Alternatively, when the state pin 22 of the main battery 2 is normally connected to the enable terminal 31 of the switch 3, the state of the main battery 2 is determined to be in place, and the enable terminal 31 generates the enable signal of 1. Accordingly, when the state pin 22 of the main battery 2 is disconnected from the enable terminal 31 of the switch 3, the state of the main battery 2 is determined to be out of place, and the enable terminal 31 generates an enable signal of 0.

In the embodiment of the present application, when the terminal is in a normal power-on state and the main battery 2 is in place, the terminal detects the enable signal generated by the enable terminal 31, and when the enable signal of the enable terminal 31 is 1, the output terminal 34 of the switch 3 is switched to the first input terminal 32, so that the main battery 2 supplies power to the main board 1 of the terminal. With the main battery 2 in place, the main board 1 is powered only by the main battery 2, and the backup battery 4 is not powered. That is, in the scheme of the application, the terminal judges whether the main battery 2 is in the right state or not through the detected enabling signal, and the main battery 2 supplies power to the main board 1 under the condition that the main battery 2 is in place, so that the electric quantity of the standby battery 4 is saved, and the purpose of saving the electric quantity is achieved.

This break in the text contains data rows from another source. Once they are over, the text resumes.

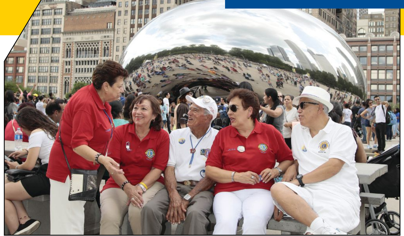
Lions attending the convention chat at "the Bean" at Millennium Park in Chicago.
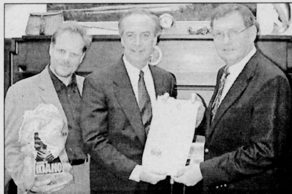
AIDS activists are urging Idaho Gov. Dirk Kempthorne (center, proclaiming April "Couch Potato Month") to protect public health records

The Army's statement regarding the discrepancy stated that the supervisor in charge of processing the discharges thought he was required to "protect the soldiers' privacy" and therefore mislabeled the paperwork. "We are encouraged that
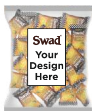
100 gm Plain Pouch
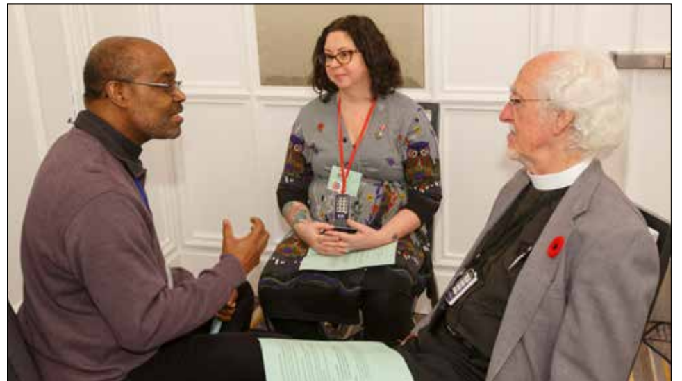
Synod members share thoughts on proposed changes to the Marriage Canon.

The proposed changes to the Marriage Canon to incorporate a provision
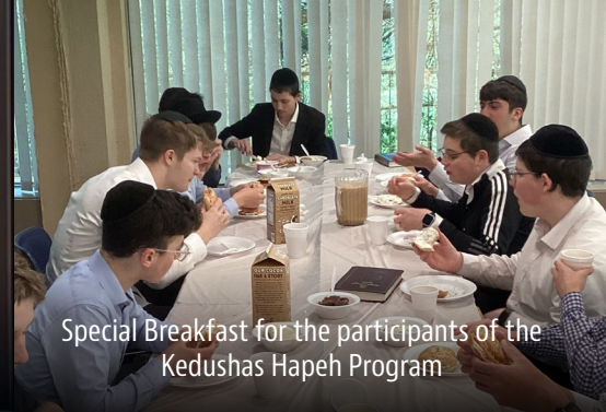
Special Breakfast for the participants of the Kedushas Hapeh Program
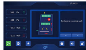
Display for BSC-2FA2-GL

Color Touch Screen Touch operation, real-time and clearer display of various values and appointment timing function.
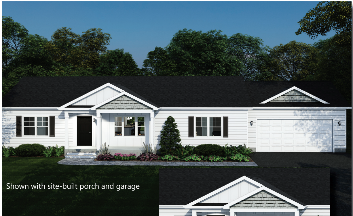
Shown with site-built porch and garage
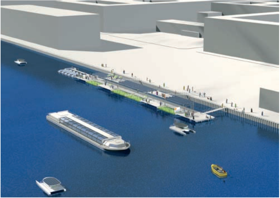
LURI.watersystems, Spree 2011 (3 D visualisation by Sven Flechtenhar @ Luri)

Spree 2011: 7 % of Berlin's surface area consists of water, but there are no places to swim in the city center – leisure activity usually ends at the shoreline. The project Spree 2011 set the goal of making the Spree a river fit for swimming again. It uses a new technology – unique in the world and applicable elsewhere – against the most important polluter of the Spree: untreated mixed water. Until now, through sewer overflow it was washed into the Spree after strong rainfall, but in this project, it would be captured in containers located beneath public pontoons in the water.

When the terminal device is in a starting state, if the main battery 2 is suddenly pulled out, the state pin 22 of the main battery 2 is disconnected with the enabling end 31 first, and the terminal detects that the enabling end 31 generates an enabling signal of 0, but at the moment, the power pin 21 of the main battery 2 is still connected with the switch 3, the output end 34 of the switch 3 is connected with the first input end, so that the output end of the switch 3 has signal output, the switch circuit 5 is in a conducting state, and the terminal timely switches the output end 34 of the switch 3 to the second input end 33, so that the terminal is instantly switched from the power supply of the main battery 2 to the power supply of the standby battery 4 to supply power to the main board 1 of the terminal, namely, seamless switching of power supply of the terminal battery is realized, and stable transmission of terminal service is ensured.

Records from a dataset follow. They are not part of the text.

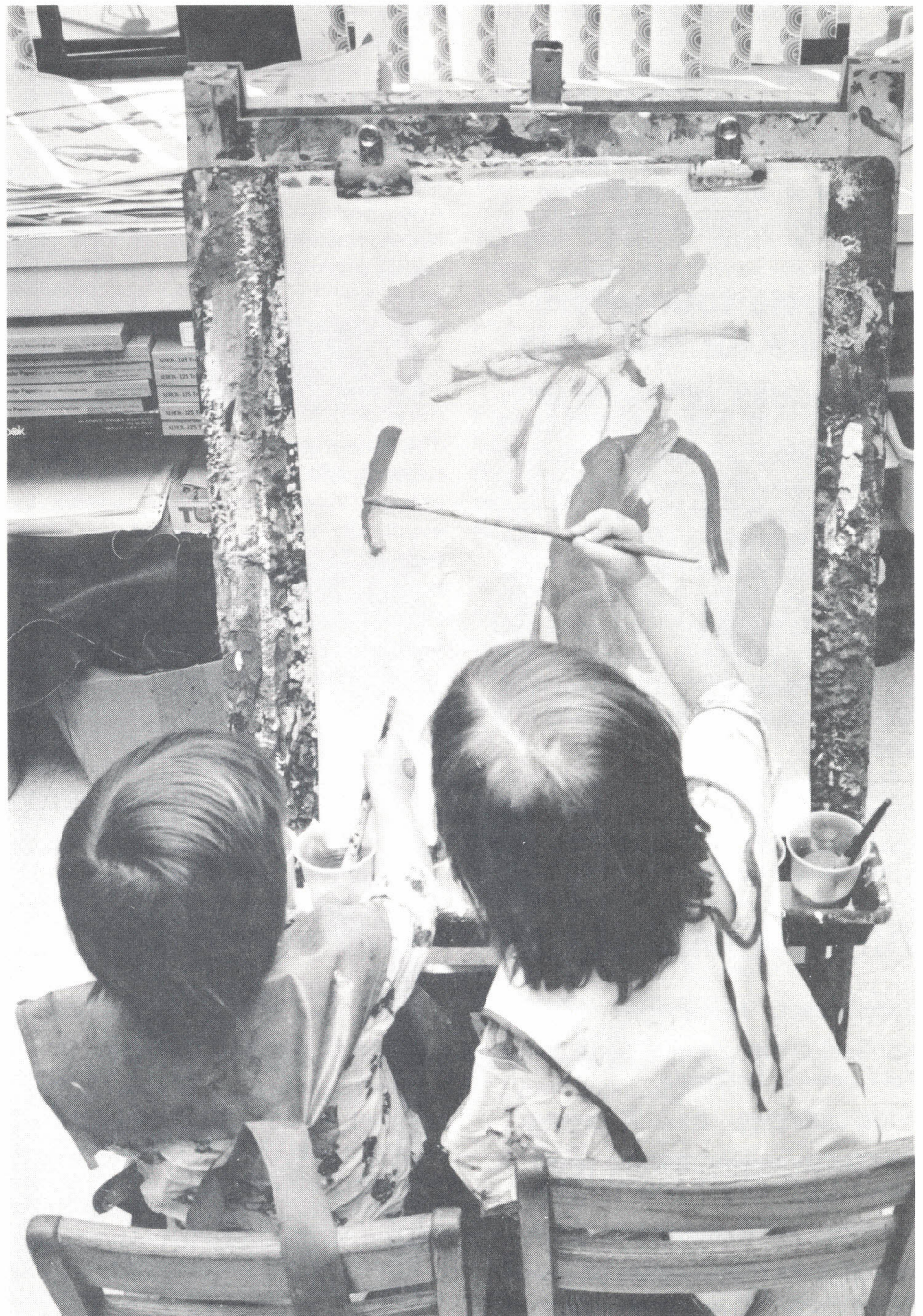
OBVIOUSLY A MASTERPIECE is in progress as two young patients spend some free time in the Pediatric Playroom. Many such one-of-a-kind works of art can often be seen decorating walls in and around the Playroom.

For more information or to enroll, contact the Employee Benefits Office, ext. 2973.
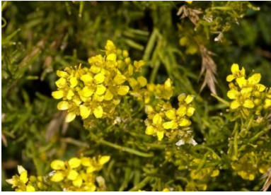
Fig. 1 Flowers

Indian hedgemustard Sisymbrium orientale Mustard Family (Brassicaceae)
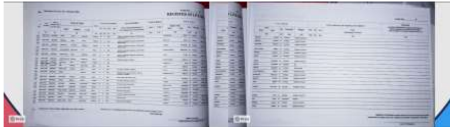
Printed electronic Register of Live Birth
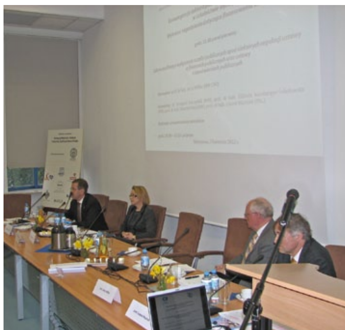
The conference “The Convergence between Public and Non-Public Sectors of Higher Education” (April 7th 2011)
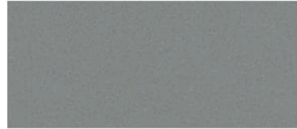
Steel Matte Gray* (GT-Line)
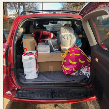
One of our staff member's car stuffed with items to help at the Comitis Crisis Center.

This stream of personal donations from our staff made a big difference to those housing at Comitis, and they warmly welcomed our support.

When the output terminal 34 of the change-over switch 3 has a signal output, the switch circuit 5 is in a conductive state. When the output terminal 34 of the changeover switch 3 has no signal output, the switching circuit 5 is in an off state. When the enable signal is 1, the output terminal 34 of the switch 3 has a signal output, when the enable signal is 0, the output terminal 34 of the switch 3 has no signal output, or when the terminal detects that the enable signal is high level, the output terminal 34 of the switch 3 has a signal output, and when the enable signal is low level, the output terminal 34 of the switch 3 has no signal output. The absence of a signal output from the output terminal 34 of the switch 3 may be regarded as 0 for the output signal from the output terminal 34, and the presence of a signal output from the output terminal 34 of the switch 3 may be regarded as 1 for the output signal from the output terminal 34.

When the terminal device is in a shutdown state and the main battery 2 is in place, the output end of the switch 3 has no output signal, and the switch circuit 5 is in a cut-off state, so that the connection between the standby battery 4 and the output end of the switch 3 cannot be established, i.e. the terminal cannot start up through the standby battery 4. Therefore, to start the power-on in the power-off state, the terminal device can start the power-on only through the main battery 2.

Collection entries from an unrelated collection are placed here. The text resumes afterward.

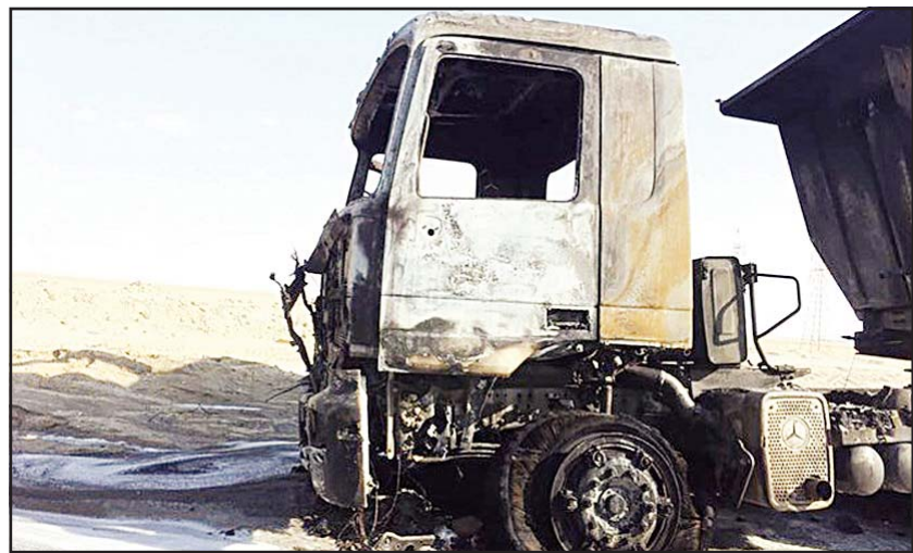
The trailer truck completely destroyed by fire.

The daily added, this happened after the Operations Room of the Ministry of Interior received a report that some sea goers had found a jet ski, but no one was seen around it.
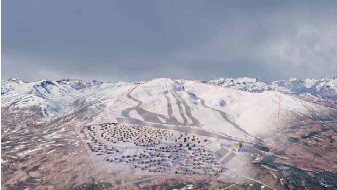
Extent of Arctic Center.

This diploma project will be a research based design, which investigates ways of looking closer to the landscape with keeping all the complex layers a place can hold, equally in mind. In this case a site was chosen, where since many years there is a debate about building a huge tourist structure, called the Arctic Center, on a already very rich, but also vulnerable landscape. This project does not show any sensibility to the site itself at all.
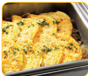
In a Buffet Casserole
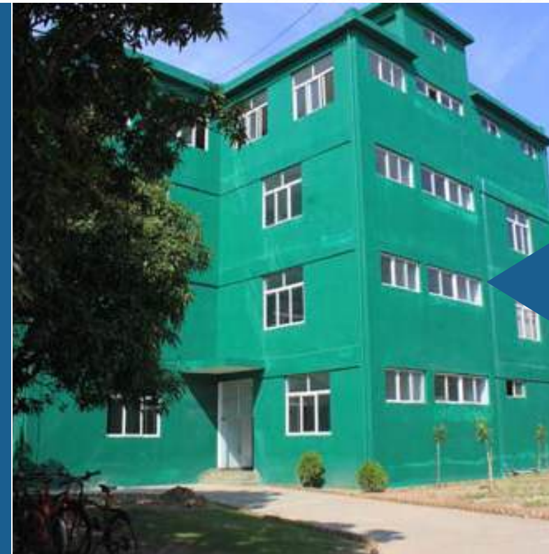
EUSEBIO WARE HOUSE(BD) LTD.,KEPZ CHITTAGONG
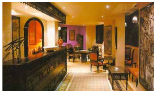
Fig. 5. Tourist accommodation on Al-Moez Street.

This paper discussed the authenticity of the heritage sites from two perspectives: principles of
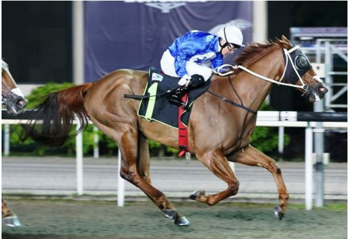
Champagne Rein in winning mode at Kranji on Friday night.

“He was getting the staggers late but it was a terrific effort,”
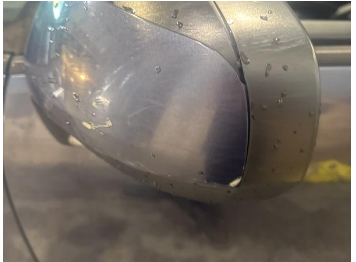
18: Door Mirror Assy nsf Scratched (Painted) Over 25mm Thru Paint
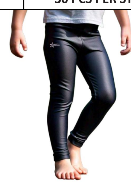
Children's Leather Legging Wet Look Shiny Metallic Legging
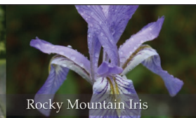
Rocky Mountain Iris
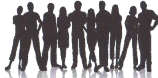
The Rich, Poor, Needy, Prudent, Witness, Wise, Counselor, Neighbor

(Clarity from the Book of Proverbs and How to Win)
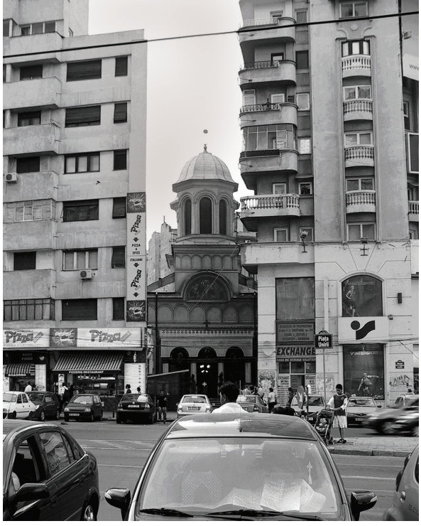
Fig. 14. Historic Orthodox Church hidden among socialist architecture around Piata Unirii

Ceauşescu's activities resulted in irreversible changes in the face of Bucharest. The diverse historic landscape of the city was replaced with a monotonous and oversized urban design. The only remains of the destroyed district are its historic orthodox churches and monasteries which for ideological reasons were blocked by new buildings or hidden inside the quarters (Fig. 14).
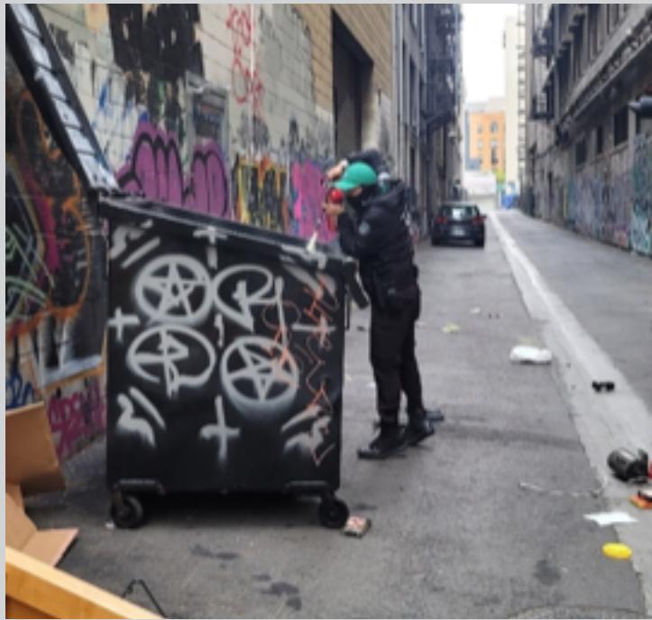
Sergeant Ramos is seen here putting out another dumpster fire.
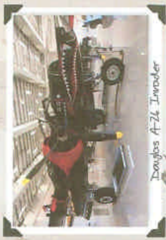
Douglas A-26 Invader
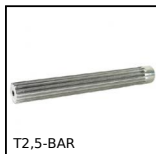
T2,5-BAR T type tooth bar stock, T2.5
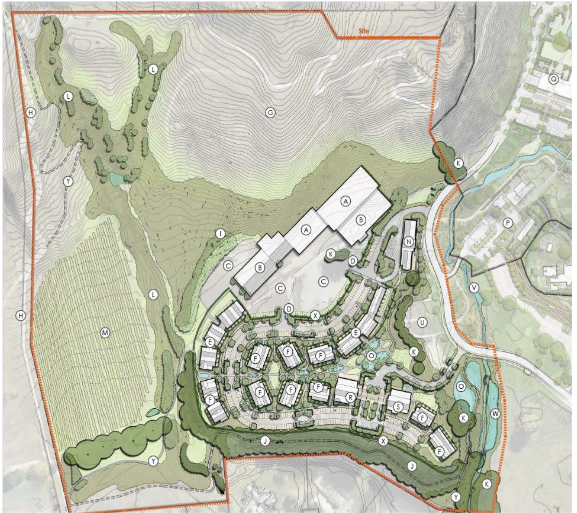
Figure 1: Outline of the proposed project
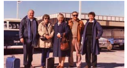
The first FCJs to live and work in South America established the house in Córdoba, Argentina, in 1985, in a poor parish on the outer rim of this city, the second largest in Argentina, working with the La Salette Missionaries
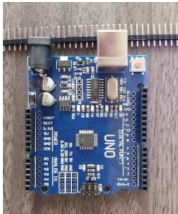
Figure 1. Arduino board circuit.

The Arduino system uses an automatic sensor system. Arduino is an open source electronic kit that contains a microcontroller with the AVR type. The microcontroller can be programmed using a computer. In embedding the program, it can read input, process input, and produce output as desired
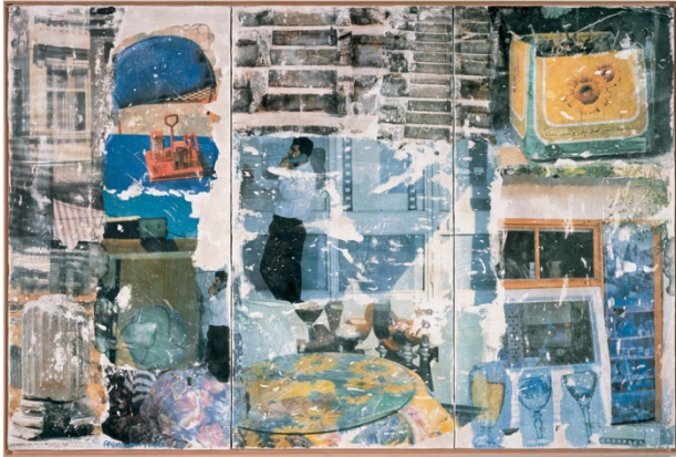
Robert Rauschenberg On Hold (Arcadian Retreat) , 1996 Fresco in artist's frame 74 1/2 x 111 1/2 inches (189.2 x 283.2 cm) The Broad Art Foundation, Santa Monica, California

Specifically, when the terminal is in the off state, the output signal of the switch 3 is 0, and at this time, the switch circuit 5 is in the off state, and the output 34 of the switch 3 may be connected to the first input 31 (when the main battery 2 is in place, the enable signal is 1), or may be connected to the second input 32 (when the main battery 2 is out of place, and the enable signal is 0). Here, even if the output terminal 34 of the switch 3 is connected to the second input terminal 32, since the output terminal has no signal output, the switch circuit 5 is in a turned-off state, so that the standby battery 4 cannot be normally connected to the output terminal 34 of the switch, and the terminal cannot be started up through the standby battery 4 in a turned-off state, thereby saving the electric quantity of the standby battery 4.

On the basis of the above-described embodiment, in the embodiment of the present application, the enable signal may be represented by a low-level signal when the state of the main battery 2 is in place, and the enable signal may be represented by a high-level signal when the state of the main battery is out of place.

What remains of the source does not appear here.